Barry - you are so ignorant.

I don't equate race with religion. If you ever wonder why people don't take you seriously, it's because of your bullsh*t statements like this one.

This article and many comments on here are using race as the overwhelming reason why blacks support Obama. I don't agree. I think it's a democrat vs republican issue and I have stated that.

The comparison I did make was that if race is the main factor why blacks do support Obama, how is that any different than Christians supporting a president based solely on religion as conservative Christians did Bush? They overlooked all his failings and that he was ruining this country because they believed he was close to god. Those my sir, are brainwashed people.

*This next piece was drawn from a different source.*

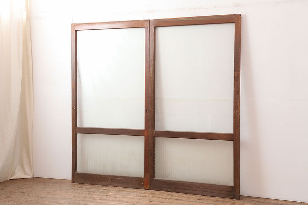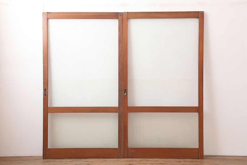 ラフジュ工房> ドア・建具> 引き戸 > アンティーク建具 昭和中期 クリアガラス・銀モールガラス レトロな雰囲気が素敵なガラス戸2枚セット(引き戸)(R-044986)

And yes, I do think Christians are brainwashed (not only Christians, any people that rely on religion to control all aspects of their lives). I've stated that many times in past posts - no new news here. I will again say that I was brought up in a very strict Christian household, have studied the bible and ancient history in depth. I believe that anyone that truely believes there are gods out there that control every little aspect of their lives are brainwashed people. People use religion as a crutch. I prefer to stand on my own two legs and make my own decisions about life, not based off what people thought thousands of years ago when they had no clue how anything in this universe worked. Religion isn't progressive. Religion does discriminate. Religion causes wars. Religion keeps people from thinking for themselves.

You Barry, are the poser.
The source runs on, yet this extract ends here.